AlexsLemonade / OpenScPCA-analysis

An open, collaborative project to analyze data from the Single-cell Pediatric Cancer Atlas (ScPCA) Portal
1 stars 8 forks source link

Identify a doublet-annotated cancer dataset #425

Open sjspielman opened 1 month ago

sjspielman commented 1 month ago

If you are filing this issue based on a specific GitHub Discussion, please link to the relevant Discussion.


Describe the goals of the changes to the analysis module.

As discussed in this discussion comment, previous ground-truth benchmarking for doublet detection methods has not really focused on cancer datasets. The goal if this issue is to try and find one or more cancer datasets with validated doublets that we might use for this purpose, but worth noting that such data may not exist. If it does exist, a forthcoming issue will be written to track including that in benchmarking.
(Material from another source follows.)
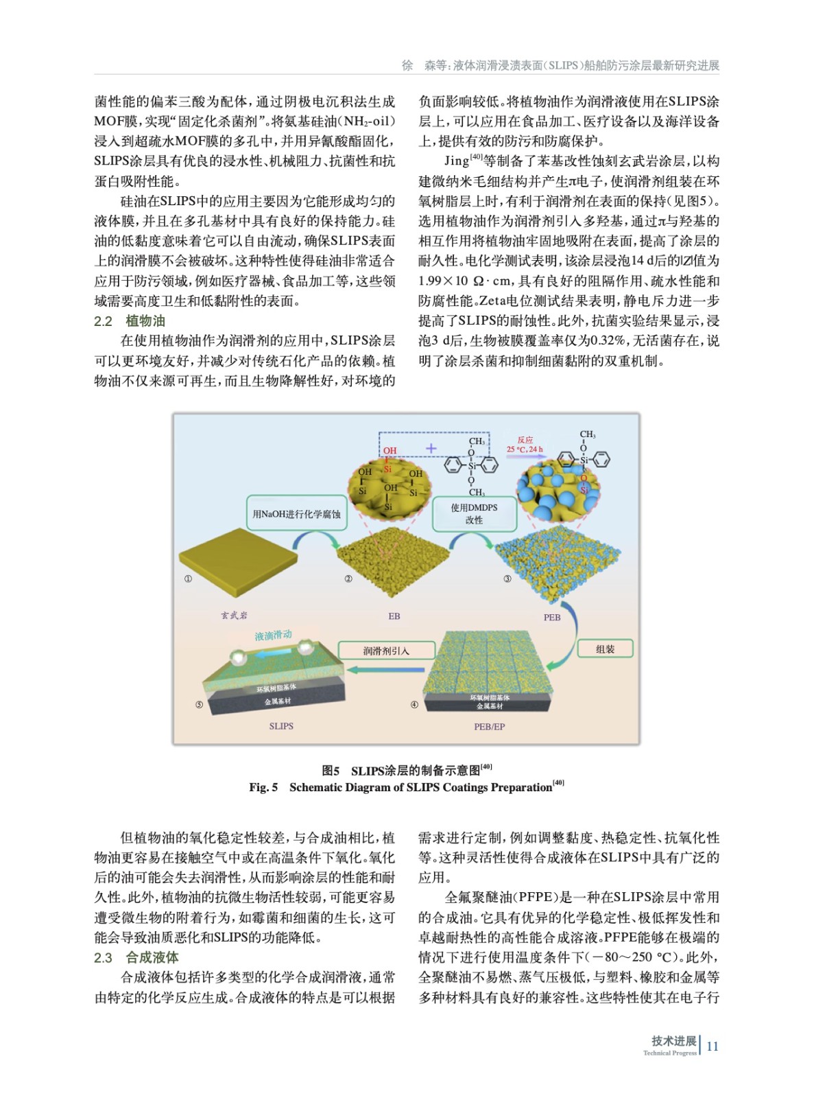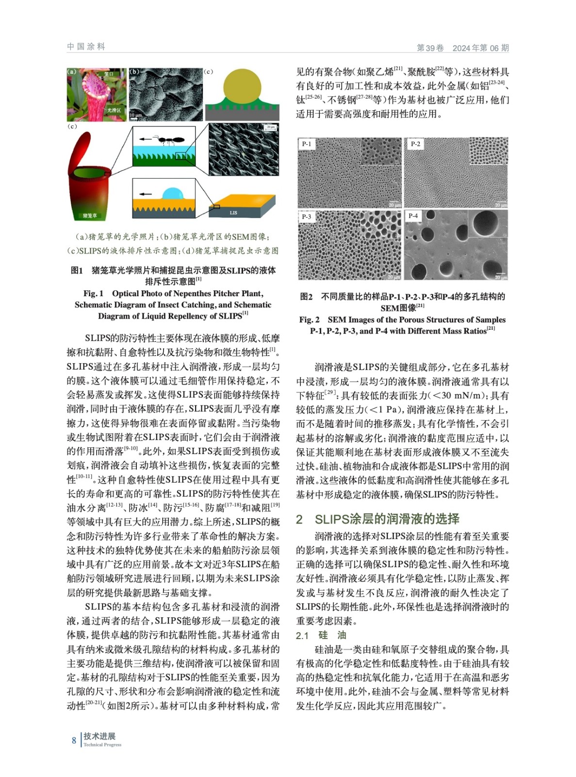 綜述了近3年來關于液體潤滑浸漬表面(SLIPS)船舶防污涂層的研究進展,特別是潤滑液的選擇與涂層的結構設計,以及這些因素如何影響涂層的整體性能,以期為未來的研究提供最新思路及研究方法。

What will your pull request contain?

No pull request is expected for this issue. Instead, this just tracks identifying datasets we might use in benchmarking.

Will you require additional software beyond what is already in the analysis module?


Will you require different computational resources beyond what the analysis module already uses?


If known, when do you expect to file the pull request?


sjspielman commented 1 month ago

I have done some literature searching here, and come up short. The only "validated" datasets I've been able to track down are all the same ones as in this benchmarking paper. The one dataset there that does contain cancer is a PDX sample, where cancer cells are human and immune are mouse and the classification therefore focused on the interspecies distinction, not within cancer cells only.

I'm going to keep this issue open since it's definitely a "nice to have" still, even though I'm not sure we'll be able to actually have it and it's not worth holding up further analysis for.